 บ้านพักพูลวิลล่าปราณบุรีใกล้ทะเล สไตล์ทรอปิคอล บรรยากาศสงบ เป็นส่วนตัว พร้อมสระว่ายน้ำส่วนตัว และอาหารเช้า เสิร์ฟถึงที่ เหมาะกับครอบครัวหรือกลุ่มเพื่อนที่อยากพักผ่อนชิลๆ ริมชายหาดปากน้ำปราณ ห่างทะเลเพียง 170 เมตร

==

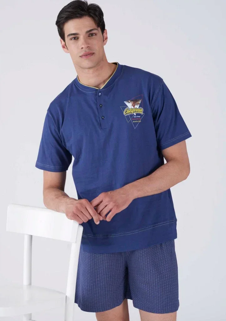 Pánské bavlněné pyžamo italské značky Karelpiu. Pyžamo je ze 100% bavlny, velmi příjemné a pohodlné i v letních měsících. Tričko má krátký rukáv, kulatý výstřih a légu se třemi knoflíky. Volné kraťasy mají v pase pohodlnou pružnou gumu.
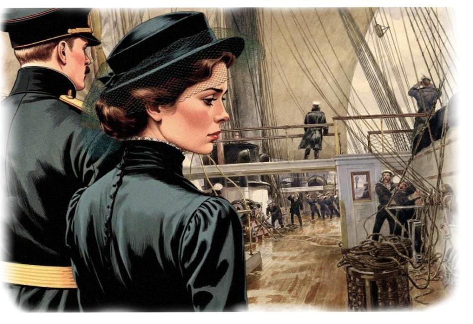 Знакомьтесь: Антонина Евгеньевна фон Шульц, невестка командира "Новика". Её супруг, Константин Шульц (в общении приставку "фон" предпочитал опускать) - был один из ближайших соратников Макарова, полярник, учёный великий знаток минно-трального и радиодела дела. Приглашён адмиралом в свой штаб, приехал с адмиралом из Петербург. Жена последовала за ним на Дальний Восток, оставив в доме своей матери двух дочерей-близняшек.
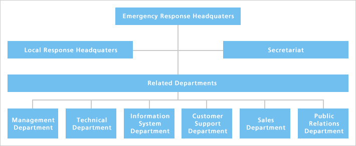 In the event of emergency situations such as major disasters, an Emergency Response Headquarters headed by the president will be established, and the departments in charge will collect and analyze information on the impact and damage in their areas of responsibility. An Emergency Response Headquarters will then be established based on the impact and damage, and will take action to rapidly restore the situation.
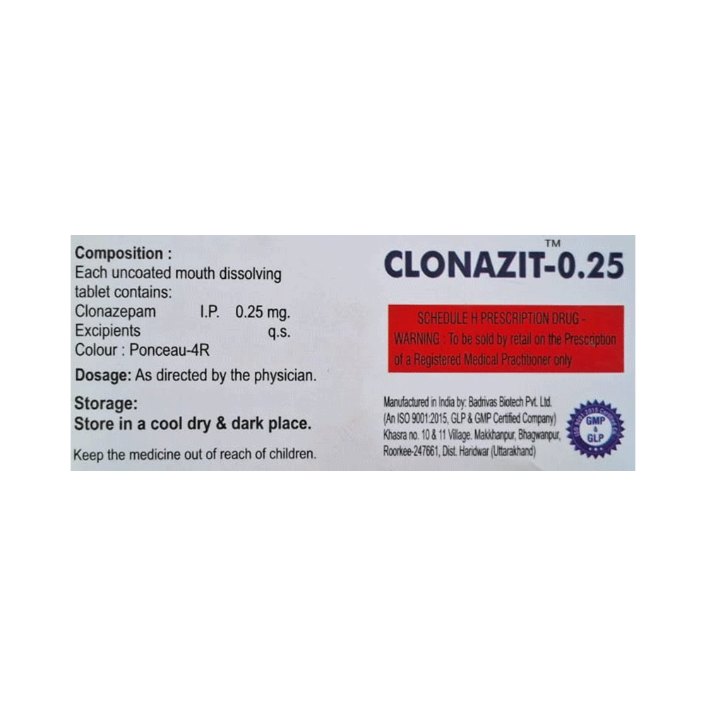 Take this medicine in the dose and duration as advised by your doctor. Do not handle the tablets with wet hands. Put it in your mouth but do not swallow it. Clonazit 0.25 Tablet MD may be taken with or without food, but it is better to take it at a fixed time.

▸ **Exercise description**:
What is wanted is an exact copy of the lines above from the one containing "Pánské bavlněné pyžamo" through the one containing "Take this medicine", with no pictures in it.

▸ **Written solution**:
 Pánské bavlněné pyžamo italské značky Karelpiu. Pyžamo je ze 100% bavlny, velmi příjemné a pohodlné i v letních měsících. Tričko má krátký rukáv, kulatý výstřih a légu se třemi knoflíky. Volné kraťasy mají v pase pohodlnou pružnou gumu.
 Знакомьтесь: Антонина Евгеньевна фон Шульц, невестка командира "Новика". Её супруг, Константин Шульц (в общении приставку "фон" предпочитал опускать) - был один из ближайших соратников Макарова, полярник, учёный великий знаток минно-трального и радиодела дела. Приглашён адмиралом в свой штаб, приехал с адмиралом из Петербург. Жена последовала за ним на Дальний Восток, оставив в доме своей матери двух дочерей-близняшек.
 In the event of emergency situations such as major disasters, an Emergency Response Headquarters headed by the president will be established, and the departments in charge will collect and analyze information on the impact and damage in their areas of responsibility. An Emergency Response Headquarters will then be established based on the impact and damage, and will take action to rapidly restore the situation.
 Take this medicine in the dose and duration as advised by your doctor. Do not handle the tablets with wet hands. Put it in your mouth but do not swallow it. Clonazit 0.25 Tablet MD may be taken with or without food, but it is better to take it at a fixed time.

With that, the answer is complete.